DDP Model Parameters different from Single-process Model Parameters

csl · March 11, 2022, 6:28pm

I am currently running two versions of the same model (DDP and single GPU) and am trying to ensure the model parameters are the same between the two. To do so, I load a checkpoint at the first epoch of both models and run it for several iterations. When I load the checkpoint the initial parameters are the same (DDP is running two processes in this example):

DDP Model Output
Rank: 0
model.state_dict():  OrderedDict([('module.module.input_networks.0.0.net.net.0.weight', tensor([[ 0.3889,  0.1429,  0.1801,  0.2079],
        [ 0.4926, -0.3095, -0.1581, -0.1851],
        [ 0.2123, -0.4082, -0.3036,  0.1350],
        [ 0.3666,  0.2588,  0.3510, -0.4564],
Rank: 1
OrderedDict([('module.module.input_networks.0.0.net.net.0.weight', tensor([[ 0.3889,  0.1429,  0.1801,  0.2079],
        [ 0.4926, -0.3095, -0.1581, -0.1851],
        [ 0.2123, -0.4082, -0.3036,  0.1350],
        [ 0.3666,  0.2588,  0.3510, -0.4564],

Single GPU Model Output
model.state_dict():  OrderedDict([('input_networks.0.0.net.net.0.weight', tensor([[ 0.3889,  0.1429,  0.1801,  0.2079],
        [ 0.4926, -0.3095, -0.1581, -0.1851],
        [ 0.2123, -0.4082, -0.3036,  0.1350],
        [ 0.3666,  0.2588,  0.3510, -0.4564],

However, once I run them both for 1 iteration, the parameters differ (by 0.001 to 0.002) and the outputs look like this:

DDP Model Output
Rank 0: 
model.state_dict():  OrderedDict([('input_networks.0.0.net.net.0.weight', tensor([[ 0.3886,  0.1431,  0.1805,  0.2080],
        [ 0.4927, -0.3096, -0.1583, -0.1849],
        [ 0.2124, -0.4080, -0.3040,  0.1352],
        [ 0.3663,  0.2588,  0.3514, -0.4563],
Rank 1: 
model.state_dict():  OrderedDict([('input_networks.0.0.net.net.0.weight', tensor([[ 0.3886,  0.1431,  0.1805,  0.2080],
        [ 0.4927, -0.3096, -0.1583, -0.1849],
        [ 0.2124, -0.4080, -0.3040,  0.1352],
        [ 0.3663,  0.2588,  0.3514, -0.4563],

Single GPU Model Output
model.state_dict():  OrderedDict([('module.module.input_networks.0.0.net.net.0.weight', tensor([[ 0.3888,  0.1430,  0.1802,  0.2078],
        [ 0.4925, -0.3094, -0.1582, -0.1850],
        [ 0.2124, -0.4081, -0.3037,  0.1351],
        [ 0.3665,  0.2587,  0.3511, -0.4565],

Does anyone have experience with why this may be happening? My model does not have any dropout layers and should be updating the same way.

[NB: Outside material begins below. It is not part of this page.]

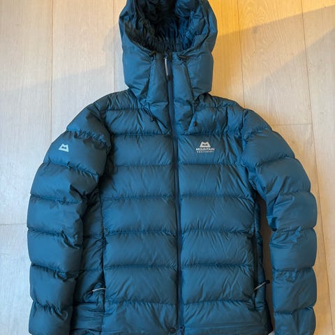 Følger med ubrukt pakkpose. Jakka har alltid hengt i boden når den ikke har vært brukt, aldri komprimert annet enn i sekken under vandring.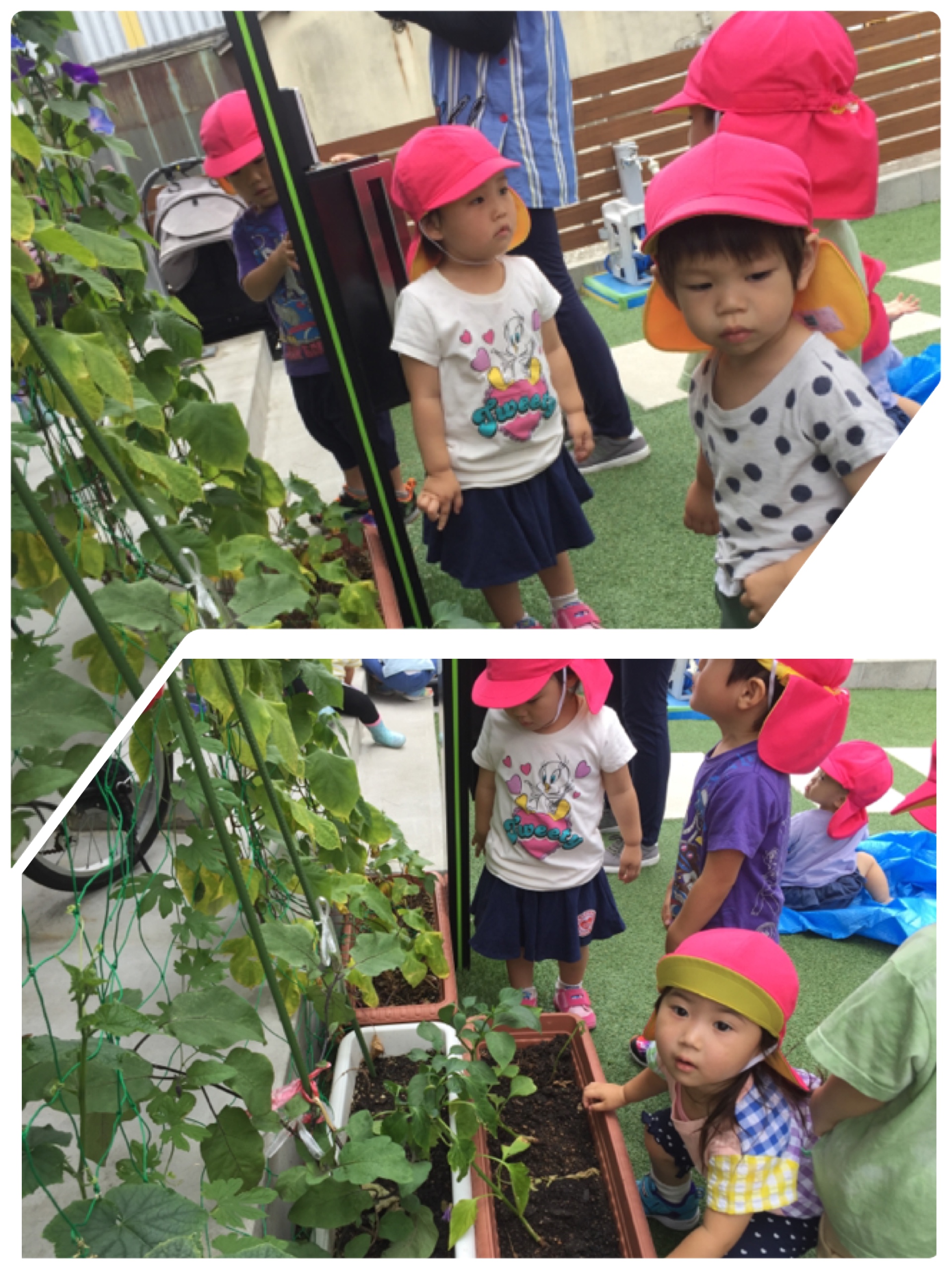 仲良く手を手をつないで遊んだり、あさがおの成長を見たりそれぞれ楽しんでいました☆

rvarm1 · March 15, 2022, 6:21pm

Hi, for DDP versus local training, is the following true for your model?

Learning rate is consistent across distributed and local training
If your batch size is M locally, then a local batch size of M / N across N workers with average loss should result in equivalent training to local.

By “iteration”, are you referring to forward + backward + optimizer step? Before the optimizer step, it may also be useful to evaluate model gradients to ensure that they are the same across local and distributed training.